4. Por último, la luz de Belén ilumina también el paso al Año Nuevo. En efecto, a Belén ―como dice el Evangelista Juan― llegó “la luz verdadera que ilumina a todo hombre... Pues de su plenitud hemos recibido todos, y gracia por gracia” (Jn 1, 9. 16). La Navidad nos exhorta y nos impele a tener confianza y valor para hacer el bien, para dar testimonio de la fe cristiana con la integridad de la doctrina y la coherencia de vida, para comprometernos en la labor de santificación personal, levantando siempre la mirada del tiempo hacia la eternidad: “¡Oh día luminosísimo de la eternidad ―exclama el autor de la Imitación de Cristo―, que la noche no puede oscurecer porque la suma Verdad lo hace siempre resplandecer: Día siempre alegre, siempre seguro y que nunca sufre cambios!” (L. III, cap. 48, n. 1).

5. ¡Amadísimos! La luz de Navidad ilumine y acompañe a cada uno de vosotros en vuestro trabajo, en vuestros afanes, en la dedicación a vuestras familias, durante todo el Año Nuevo que vamos a comenzar, y para el que os doy mis felicitaciones más cordiales. ¡Que María, a la que hemos consagrado todo un año de especial meditación y de devoción más intensa, os asista y os inspire con la fascinación de su ejemplo y con la ternura de su amor materno!


Saludos

Amadísimos hermanos y hermanas:

Con mis mejores deseos de un feliz Año Nuevo, me es grato aseguraros mi plegaria al Todopoderoso, en la que pido, por la maternal intercesión de la Virgen María, proteja con su gracia a vosotros y a vuestros seres queridos, para que permanezcáis siempre en El y deis abundantes frutos.

Con afecto saludo ahora a todas las personas de América Latina de España aquí presentes. De modo especial mi saludo se dirige a las Religiosas de San José, de Gerona, que llevan a cabo un curso de renovación espiritual en Roma, así como a los profesores y alumnos del Colegio “Nuestra Señora del Pilar” de Madrid, y a las estudiantes mexicanas de las Academias “Overbrook” (Orange, California) y “Dal Riada” en Dublín.

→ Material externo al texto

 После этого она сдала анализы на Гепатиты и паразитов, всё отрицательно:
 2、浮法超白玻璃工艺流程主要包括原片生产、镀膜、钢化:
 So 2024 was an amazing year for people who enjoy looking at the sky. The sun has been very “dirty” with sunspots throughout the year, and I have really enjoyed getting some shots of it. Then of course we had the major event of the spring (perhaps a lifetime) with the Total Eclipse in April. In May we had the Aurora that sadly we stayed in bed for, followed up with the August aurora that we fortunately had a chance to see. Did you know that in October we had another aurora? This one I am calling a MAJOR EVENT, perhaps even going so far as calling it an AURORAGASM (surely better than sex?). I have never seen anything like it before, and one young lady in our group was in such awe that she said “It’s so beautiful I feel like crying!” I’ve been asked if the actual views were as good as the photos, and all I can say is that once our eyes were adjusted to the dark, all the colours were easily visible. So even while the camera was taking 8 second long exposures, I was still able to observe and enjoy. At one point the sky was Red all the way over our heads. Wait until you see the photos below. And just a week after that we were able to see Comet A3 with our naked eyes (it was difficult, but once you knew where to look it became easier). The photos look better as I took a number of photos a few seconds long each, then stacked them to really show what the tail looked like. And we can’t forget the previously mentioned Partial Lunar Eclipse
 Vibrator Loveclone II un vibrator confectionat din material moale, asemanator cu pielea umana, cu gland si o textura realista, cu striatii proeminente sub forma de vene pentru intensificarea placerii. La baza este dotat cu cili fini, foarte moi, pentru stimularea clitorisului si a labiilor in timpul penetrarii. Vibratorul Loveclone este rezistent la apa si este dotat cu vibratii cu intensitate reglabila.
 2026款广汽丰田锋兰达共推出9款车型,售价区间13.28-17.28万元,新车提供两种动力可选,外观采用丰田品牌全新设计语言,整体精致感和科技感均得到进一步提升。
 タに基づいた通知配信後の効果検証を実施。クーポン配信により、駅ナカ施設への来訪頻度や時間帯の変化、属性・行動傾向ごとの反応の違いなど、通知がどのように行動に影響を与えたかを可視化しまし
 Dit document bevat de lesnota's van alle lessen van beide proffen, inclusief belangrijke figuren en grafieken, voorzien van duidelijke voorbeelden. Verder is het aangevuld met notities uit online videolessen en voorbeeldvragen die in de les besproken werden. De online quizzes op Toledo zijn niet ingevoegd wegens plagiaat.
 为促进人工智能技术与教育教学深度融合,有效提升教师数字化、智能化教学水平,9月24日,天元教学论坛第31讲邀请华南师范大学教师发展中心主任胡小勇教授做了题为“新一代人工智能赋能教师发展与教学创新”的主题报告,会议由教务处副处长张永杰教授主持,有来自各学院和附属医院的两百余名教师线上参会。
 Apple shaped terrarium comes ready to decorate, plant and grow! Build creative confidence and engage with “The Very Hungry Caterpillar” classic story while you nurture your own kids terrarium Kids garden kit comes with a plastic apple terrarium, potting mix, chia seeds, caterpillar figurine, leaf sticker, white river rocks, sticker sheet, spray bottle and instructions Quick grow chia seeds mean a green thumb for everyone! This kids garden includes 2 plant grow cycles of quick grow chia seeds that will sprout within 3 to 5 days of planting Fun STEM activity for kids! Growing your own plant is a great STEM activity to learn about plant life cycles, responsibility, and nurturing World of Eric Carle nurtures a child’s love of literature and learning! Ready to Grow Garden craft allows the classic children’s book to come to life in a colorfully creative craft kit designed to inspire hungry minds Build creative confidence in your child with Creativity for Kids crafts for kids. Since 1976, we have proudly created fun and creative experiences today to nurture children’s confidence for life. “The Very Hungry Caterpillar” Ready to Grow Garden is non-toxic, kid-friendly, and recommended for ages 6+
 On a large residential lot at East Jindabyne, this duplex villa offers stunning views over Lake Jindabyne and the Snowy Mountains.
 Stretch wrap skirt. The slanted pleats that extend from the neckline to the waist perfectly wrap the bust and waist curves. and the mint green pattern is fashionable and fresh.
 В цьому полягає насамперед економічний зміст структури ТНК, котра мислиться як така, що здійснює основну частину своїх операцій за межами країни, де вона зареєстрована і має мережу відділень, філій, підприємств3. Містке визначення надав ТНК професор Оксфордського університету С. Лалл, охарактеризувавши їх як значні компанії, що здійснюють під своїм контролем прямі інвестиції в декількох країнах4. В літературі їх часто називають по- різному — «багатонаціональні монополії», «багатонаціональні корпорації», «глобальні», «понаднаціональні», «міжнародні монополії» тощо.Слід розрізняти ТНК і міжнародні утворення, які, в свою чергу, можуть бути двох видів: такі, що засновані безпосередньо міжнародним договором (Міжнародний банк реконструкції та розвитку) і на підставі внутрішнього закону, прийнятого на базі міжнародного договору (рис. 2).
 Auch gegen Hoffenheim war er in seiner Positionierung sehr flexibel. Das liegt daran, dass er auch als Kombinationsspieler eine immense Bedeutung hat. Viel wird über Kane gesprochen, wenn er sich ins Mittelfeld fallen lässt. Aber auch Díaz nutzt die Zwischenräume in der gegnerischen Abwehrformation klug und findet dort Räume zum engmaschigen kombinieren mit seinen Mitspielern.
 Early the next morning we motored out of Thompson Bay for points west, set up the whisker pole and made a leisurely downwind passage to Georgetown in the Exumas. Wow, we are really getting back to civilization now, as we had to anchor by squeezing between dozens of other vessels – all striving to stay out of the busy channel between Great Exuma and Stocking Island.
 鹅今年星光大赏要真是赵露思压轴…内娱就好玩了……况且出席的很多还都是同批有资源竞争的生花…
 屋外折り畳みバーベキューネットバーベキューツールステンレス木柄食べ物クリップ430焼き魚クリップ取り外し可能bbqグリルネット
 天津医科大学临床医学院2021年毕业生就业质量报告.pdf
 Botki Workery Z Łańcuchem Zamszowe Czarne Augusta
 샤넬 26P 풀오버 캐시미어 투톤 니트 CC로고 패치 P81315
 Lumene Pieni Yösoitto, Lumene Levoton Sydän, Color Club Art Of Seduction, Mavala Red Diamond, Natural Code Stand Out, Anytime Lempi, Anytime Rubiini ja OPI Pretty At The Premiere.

Me es particularmente grato saludar asimismo a los nuevos sacerdotes de la Congregación “Legionarios de Cristo” que, en unión de sus familiares, formadores y amigos, han deseado expresar con su presencia sentimientos de filial adhesión al Papa. Muy agradecido por este significativo gesto, quiero aseguraros que, por medio de la Bienaventurada Madre del Salvador, pido al Todopoderoso que os mantenga siempre fieles a las promesas del día de vuestra ordenación sacerdotal y así podáis servir con plena generosidad a la Iglesia.

A vosotros y a los demás peregrinos de lengua castellana imparto, en prueba de benevolencia, mi bendición apostólica.